Because essence and power are so intertwined, we cannot take essences as models in a creative understanding [because essences are necessary and infinite], and power cannot be taken as a raw force in a creative will [because the self-causation is eternal, hence not created]. Understanding and will can only be modes (153-154). This devaluation of understanding allows it to take on an ambiguous meaning when we speak of the "understanding of God:" on the one hand, God's understanding would be utterly unlike that of finite creatures such as ourselves, so we could only grasp it analogically. However, by taking God's understanding as a mode, we take our understandings as being parts to it as a whole; but moreover, "we establish the adequation of all understanding to the forms which it includes, since modes envelope the perfections on which they depend in the same form as the perfections which constitute the essence of substance. Mode is an effect; but if the effect differs from the cause in essence and existence, it at least has in common with cause the forms that it envelopes only in its essence, whereas the forms constitute the essence of the substance" (154b).
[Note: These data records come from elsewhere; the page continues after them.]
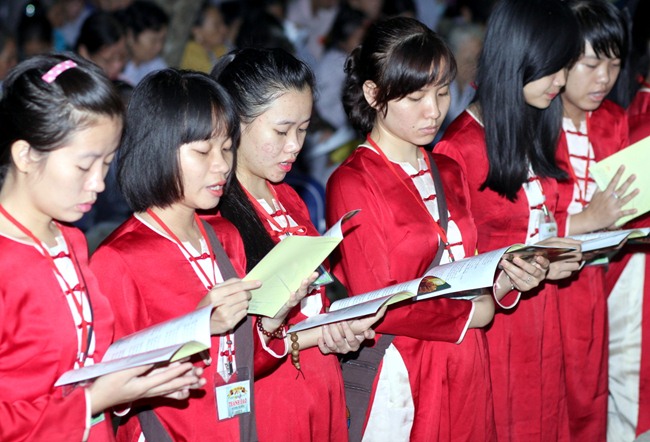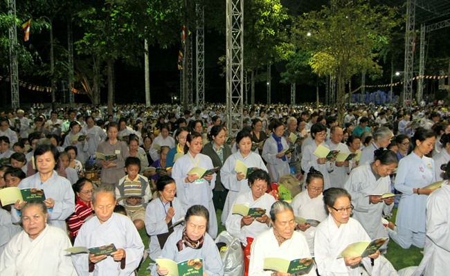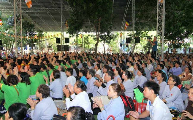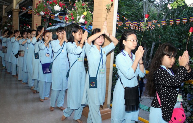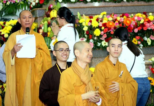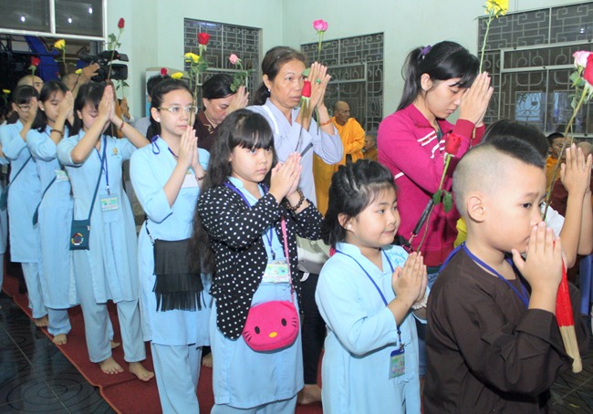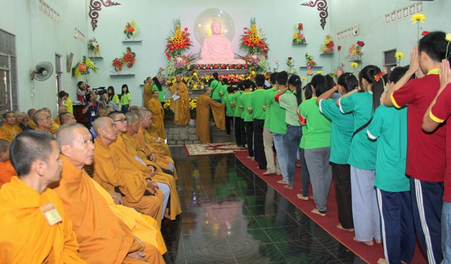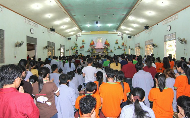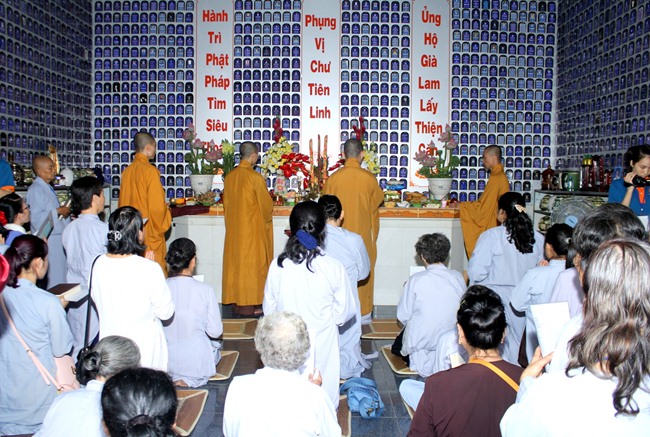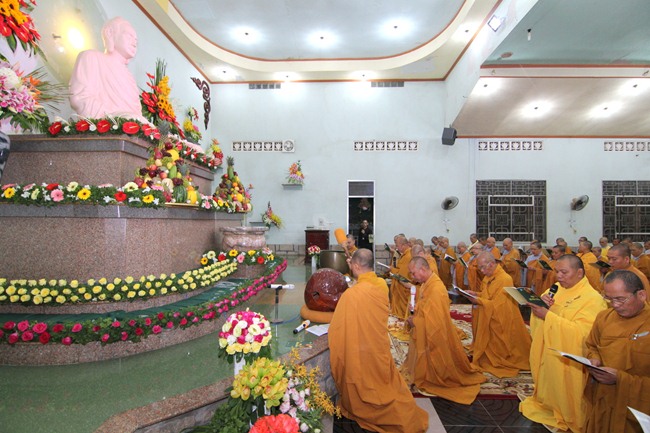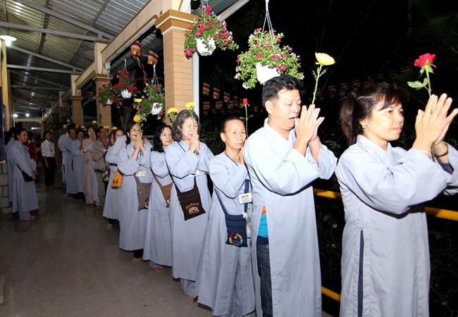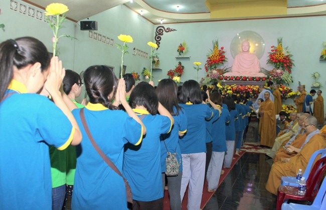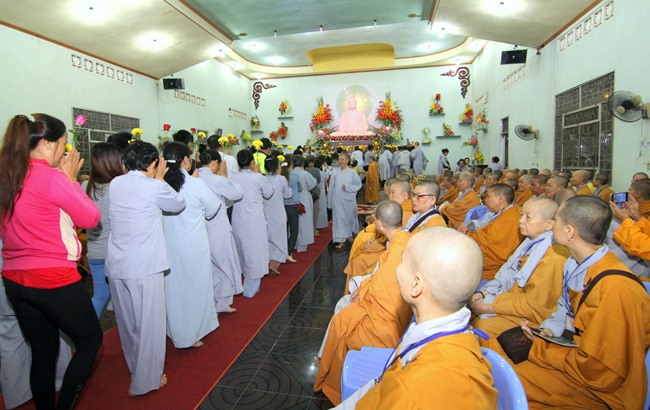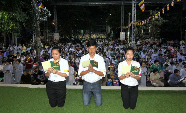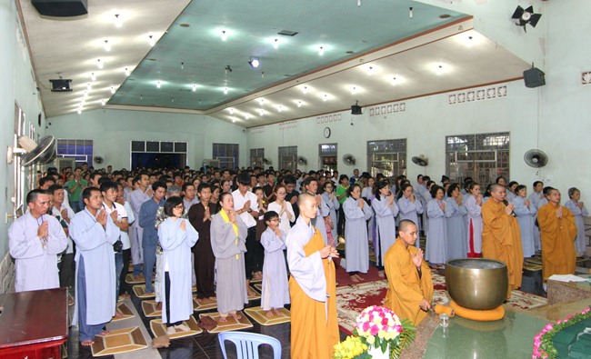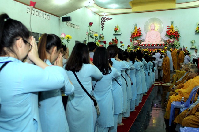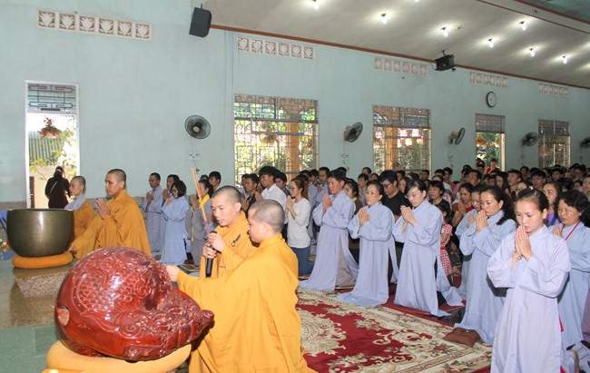 Đúng 9h00” sáng ngày mùng 07, quý Thầy tại Bổn tự hướng dẫn Phật tử tụng kinh Từ bi sám hối và kinh Bát Chánh Đạo. Kế đến, thiết Lễ cầu siêu, cúng thí thực và ĐĐ Thích Tánh Khoang – Phó trụ trì Thiền Tôn Phật Quang thay mặt Thầy Bổn sư truyền Tam quy – Ngũ giới và Bảy điều nguyện cho gần 800 thiện nam tín nữ phát tâm Quy y Tam bảo chính thức trở thành người Phật tử.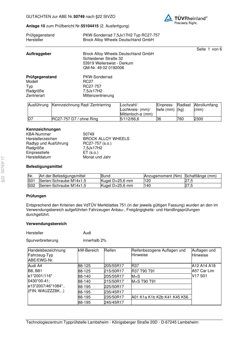 Dieses Gutachten (abe) bezieht sich auf die Alufelge Brock RC27-757 in der Ausführung 7.5Jx17 ET 0, Mittenloch 0 mm (KBA 50749). Im PDF findest du typischerweise zulässige Reifengrößen, Auflagen/Anbauhinweise und – je nach Dokument – Hinweise zur Eintragung.
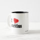 I love Mauritius! Are you from Mauritius? Do you have a friend or family member who loves Mauritius? If so, this "I Love II" mug that shows love for Mauritius is exactly the gift that you're looking for! The design features the letter "I" in black lettering with a red heart on the top and "Mauritius" in black lettering on the bottom.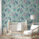 Make a statement in any room with this peel and stick wallpaper featuring elegant peacocks surrounded by lavender sprigs, roses, butterflies, and flowing teal ribbon bows. The vibrant jewel tones of teal, purple, and lavender on a soft mint background create a sophisticated yet whimsical look, perfect for adding luxury and charm to your space.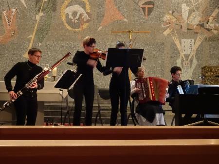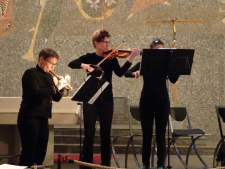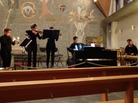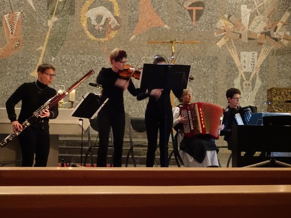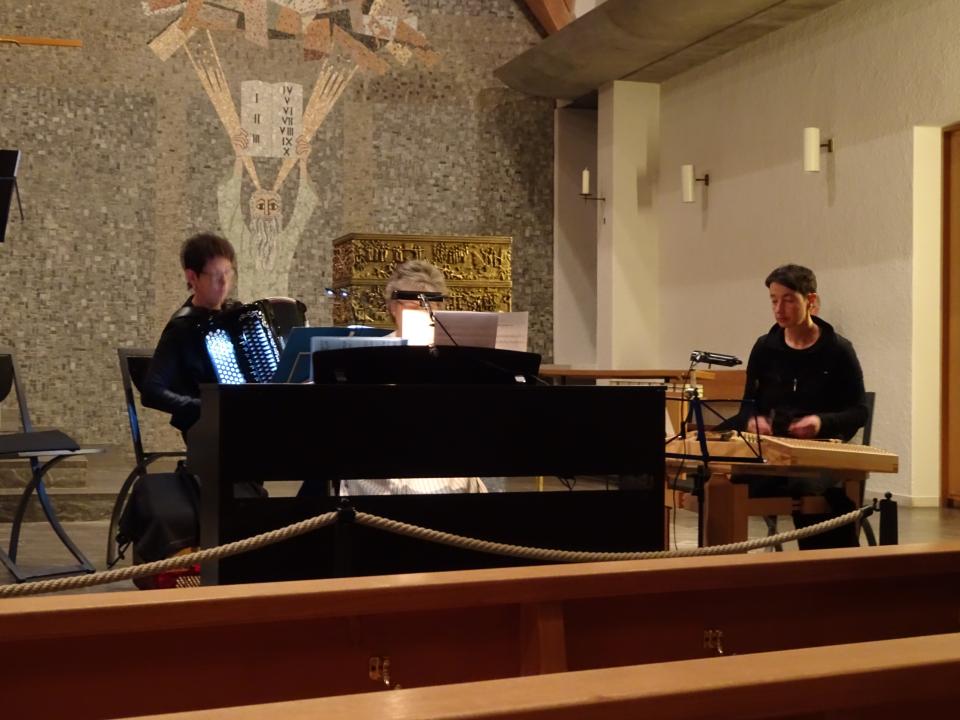 Die volkstümliche Klänge des Ad hoc Ensembles umrahmten die Freitagsbesinnung vom 29. März wunderbar. Frau Priska Störchli erzählte im Appenzellerdialekt eine Appenzeller Sage, welche das einfache, aber zufriedene Leben einer Familie wiederspiegelte mit all seinen Höhen und Tiefen.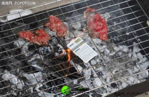 大約6分30秒左右的時候,烤肉已經焦糊,而KINGMAX電池的包裝外皮開始融化,電池也開始出現微微膨脹現象,證明其內部已經開始充滿化學氣體。這時全體人員的心也隨著電池的膨脹開始糾結起來,一方面隨時準備接受可能來臨的“砰聲一響”并隨時躲避可能出現的“彈片四射”;一方面又有些期待能看到爆炸的震撼場面。

[So even though modal thoughts are caused by substance and are hence really distinct from it, they also envelop the modal essences of which they are expressions, and these expressions are of the one substance; hence modal thoughts are both distinct from substance while being part of its unity].
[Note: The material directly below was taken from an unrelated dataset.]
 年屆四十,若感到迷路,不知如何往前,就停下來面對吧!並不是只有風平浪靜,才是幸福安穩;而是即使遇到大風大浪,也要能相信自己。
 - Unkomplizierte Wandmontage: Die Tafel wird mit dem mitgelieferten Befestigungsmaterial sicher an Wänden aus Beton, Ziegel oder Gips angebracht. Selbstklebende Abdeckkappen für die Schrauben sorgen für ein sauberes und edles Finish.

Spinoza holds that human understanding may conceive the essence of God; this is the absolute rationalism of Spinozism (154c).

There would be no genetic and synthetic method if what is engendered were not in a way equal to what engenders (thus the modes are neither more nor less than substance). (154d)

Deleuze concludes by praising Gueroult's book for establishing "the genuinely scientific study of Spinozism" (155b).

From:
Deleuze, Gilles. "Gueroult's General Method for Spinoza." in Desert Islands and Other Texts 1953-1974. London: Semiotext(e), 2004.